Гольд улыбается и смотрит на всех — не понимает.
— Ну, игаян капитана Ли-фу и Ко-шан? — Зарецкий старается разъяснить…
Гольд понял — он усиленно мотает головой и мигает своими маленькими, подслеповатыми глазами:
— У-у… ытьу… игаян… — и тычет себя пальцем, и в пространство: — Куо-шан и ты игаян шанго… — Зарецкому в грудь: — у-у… Лей-фу — шибка… цхо!.. — и плюется, гортанно выхаркивая слюну, точно из самого нутра…
— Лей-фу… игаян макака…
Партизаны смеются.
— А как пантовал нынче Тун-ло? — кто-то из партизан, старый охотник, к нему…
Лицо гольда черное, обожженное солнцем воронится в закате дня:
— Кругом стреляй… моя стреляй… его боиса…
— Распугали, значит… — Сокрушенно, по-охотничьи вздохом партизан… Потом все уходят ужинать…
— Так оно и есть… — Штерн делает пометки на большой рельефной карте области: — вот здесь и вот тут… — думает… — в самом глубоком тылу… То же неприятель…
— Ловко, стервецы, придумали! — ходит по избе, широко шагая, Грахов; руки у него в карманах, кулаки выпираются в тонких черных штанах…

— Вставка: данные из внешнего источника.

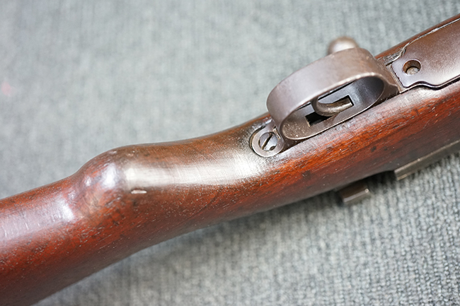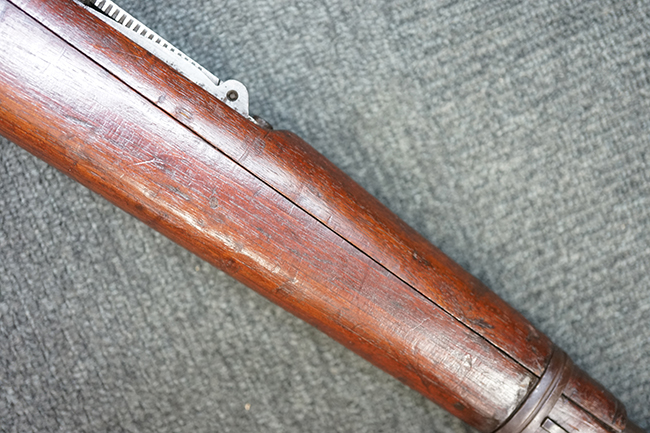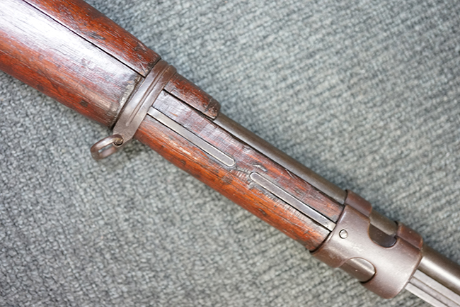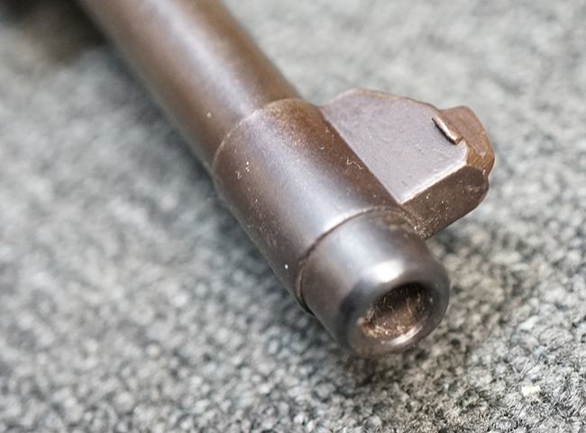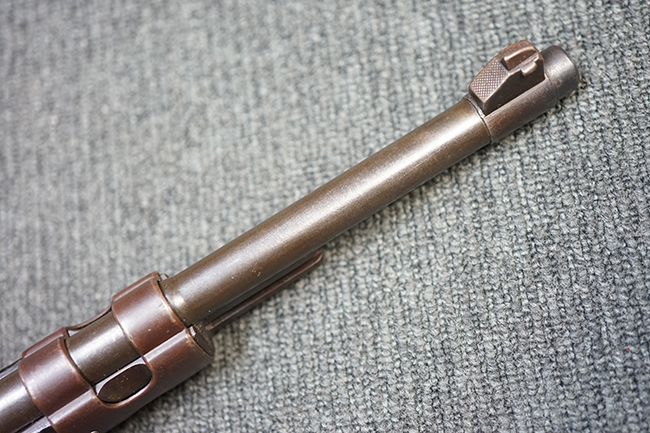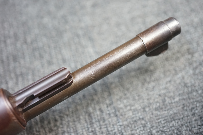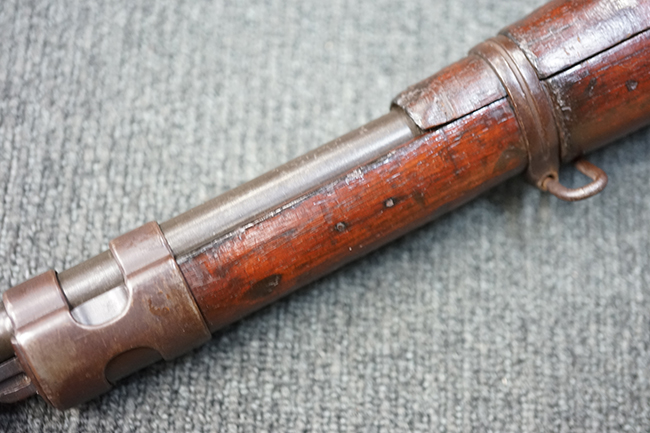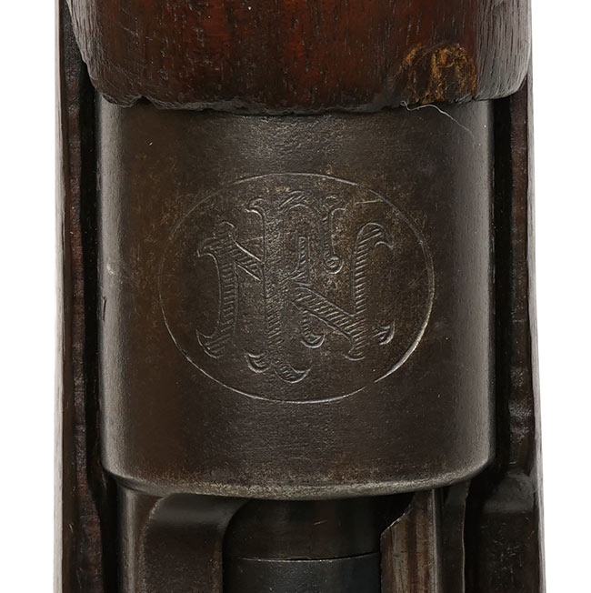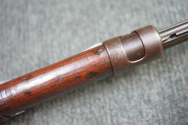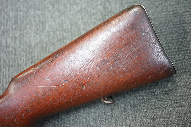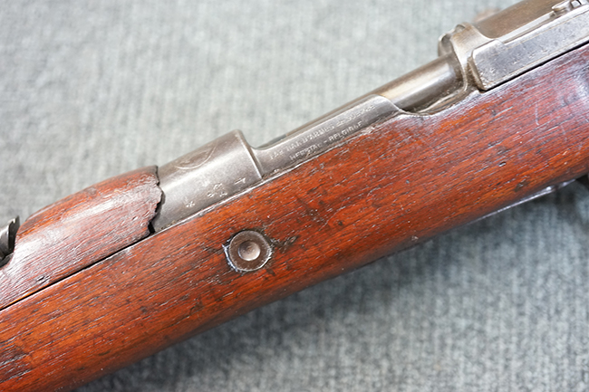 本品の薬室上部にはFN社の楕円型ロゴが大きく入っています。 レシーバー左側面にフランス語で「FAB. NAT. D'ARMES de GUERRE, HERSTAL-BELGIQUE」と入っています。 「de」部分の刻印が小文字となっている事から、本品が1937年もしくは1938年以降に製造された事が窺えます。 ハンドガード形状及びリア・スリング・スイベルの取り付け位置についてもFN モーゼル M1930の仕様とマッチしています。 各部のシリアルNo.は、薬室が43773、セーフティ・レバーが7888、ボルト・ハンドルがH142となっています。 本品は適度な使用感が見受けられ、金属部はやや小傷や擦れ、若干の表面錆が見られる他、ストックによって隠れている機関部下部と銃身には若干の朽ち込み錆が見受けられますが、全体としては大きな欠損は見受けられず、比較的しっかりとした状態が保たれています。 木製銃床については若干の打ち傷が見受けられ、アッパー・ハンドガード後部左側面に一部欠けが見られるものの、それ以外には大きな破損や欠損等も見受けられず、全体に艶のある仕上げが残ったしっかりとした状態が保たれています。 バット・プレートは全体に仕上げが落ちて金属の地肌が表れており、表面全体にやや朽ち込みが目立ちますが、銃床への取り付けについてはガタつきもなくしっかりとしています。 フロント・バンド及びスリング・スイベルの環はややガタつきが見られますが、簡単に外れてしまうような事はありません。 銃口部は若干の摩耗が見られるものの、クラウンの形状が残った丁寧な処理が行われています。 リア・サイトの調整については問題なく行う事が可能です。 弾倉内のスプリング及びフォロワーは入っています。 尚、さく杖は付属致しません。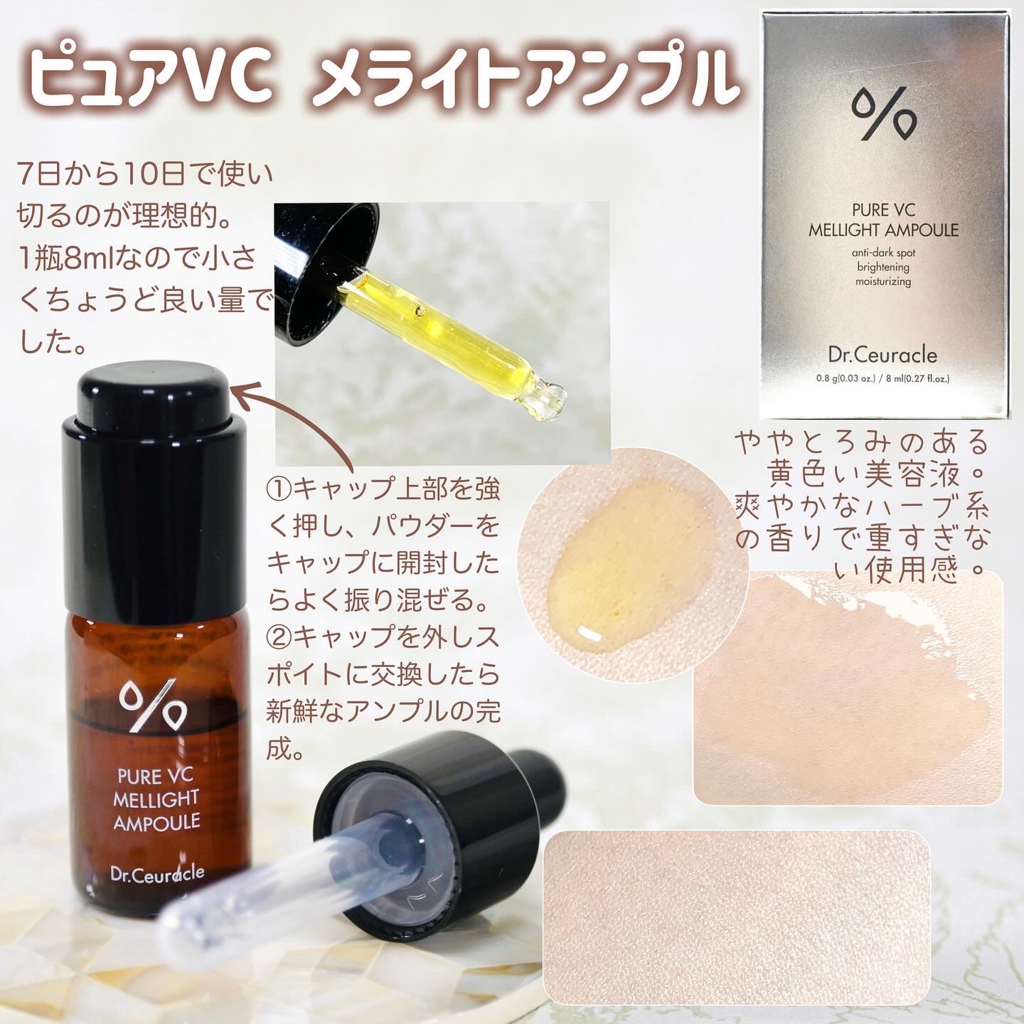 Dr.CeuracleのピュアVCメライトアンプルSETを紹介💁🏼♀️4週間で気になるシミ・くすみを一層1週間の使いきりタイプになっていて4週間で集中ケアピュアビタミンCの力で、肌本来の透明感を実感こんな方におすすめ⭐️シミ・くすみが気にな...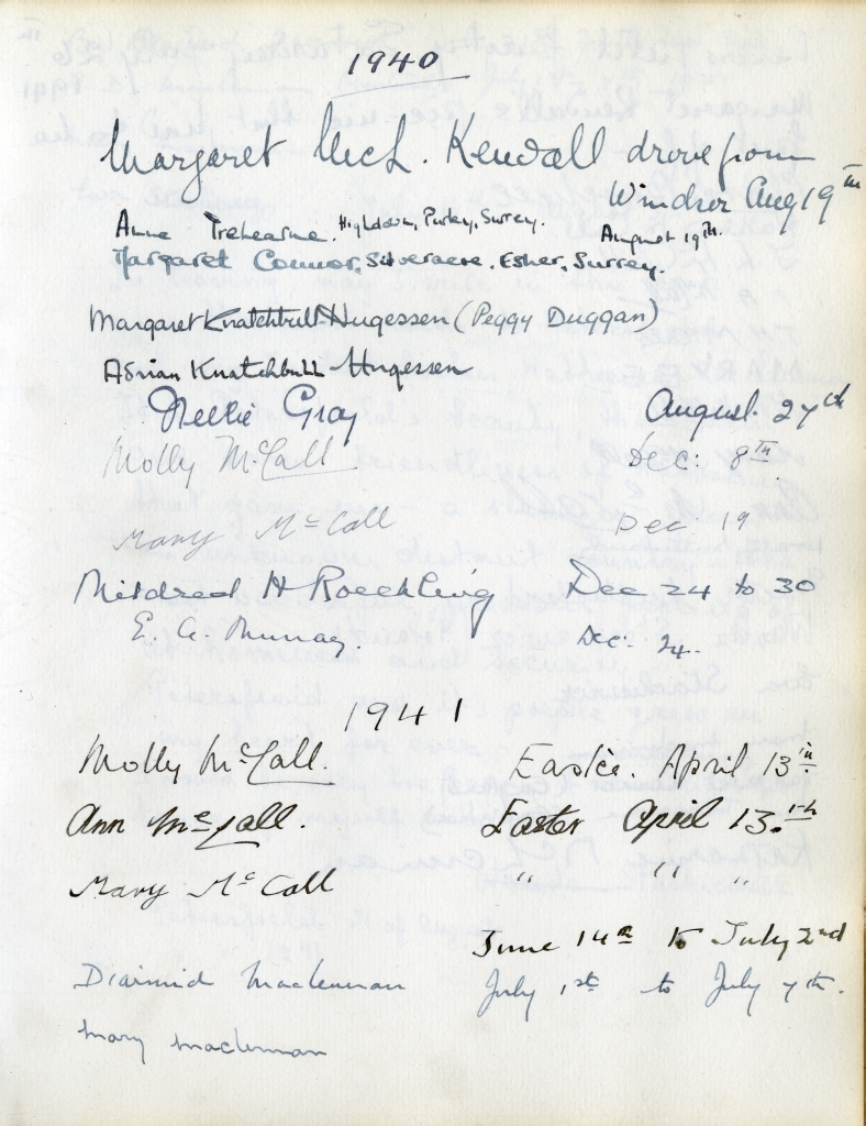 Item is the guestbook that was used at the Petersfield Estate, and later by Katharine at events on her home on Whitney Avenue, Sydney. In fact, Petersfield is most famous and historically interesting because of the guests who stayed there. Besides frequent local visitors like Hetty Kimber and her brother Fred, Shirley Davidson, the Burchells, the Sutherlands, the Grosvenors and visiting family members, the estate boasted visitors of international renown.

«Еще один лишний враг»… — думает Федоров.
Баев где-то на кухне возится с хозяйкой, уговариваясь насчет ужина:
— С дороги мы, хозяйка… устали… и снидать хочем… Здерн копается со своей «подзорной трубой» — уж очень ее бережет… Он собирается к Спасску в одарский штаб — Штерн его туда направляет в помощь, в район.
Входит Зарецкий.
— Товарищ Штерн! Там два корейца приехали… говорят, к вам…
— Откуда? — и Штерн отрывается от карты.
— Говорят, общество послало отуруг[11]…
— …Так вот товарищ Ким — здесь организуйте отряды… вливайте их по участкам в наши партизанские полевые штабы: вооружение дадим, а все остальное пусть берут на себя уруги… Охрана будет выделена из ваших же отрядов. Хунхузы тогда будут осторожнее… а потом: это я знаю, чьи проделки — Ли-фу!..
— Да-а… скуластое лицо Кима пасмурно. Он посматривает и как бы еще что-то ждет от Штерна… Он хорошо говорит по-русски — он вырос в Приморьи… учился в русской сельской школе… он все знает.
— Ли-фу — японский помощник… говорит он, и глаза его темнеют, за скулами что-то похрустывает…
— Только бы оружия — уруги помогут… теперь легко их поднять…
— А Сеул как? — тише и наклоняется к нему Штерн.
— Послал братку… — и огнем заговорщика зажигаются глаза Кима.
— Вот еще наши новые партизаны… — Штерн глазами показывает на корейца входящим Баеву и Харитонову и улыбается…
— Партизан! А винтовка? — смотрит Баев.
— Будет, он даст!.. — Ким уверенно к Штерну.
— Дадим… организуйтесь только скорее…
— Еще новая сила… и Федоров пересаживается ближе к столу и заводит оживленный разговор с Кимом о корейцах.
Не замечает, как из штаба давно уже разошлись… кто — ужинать, кто — по отрядам…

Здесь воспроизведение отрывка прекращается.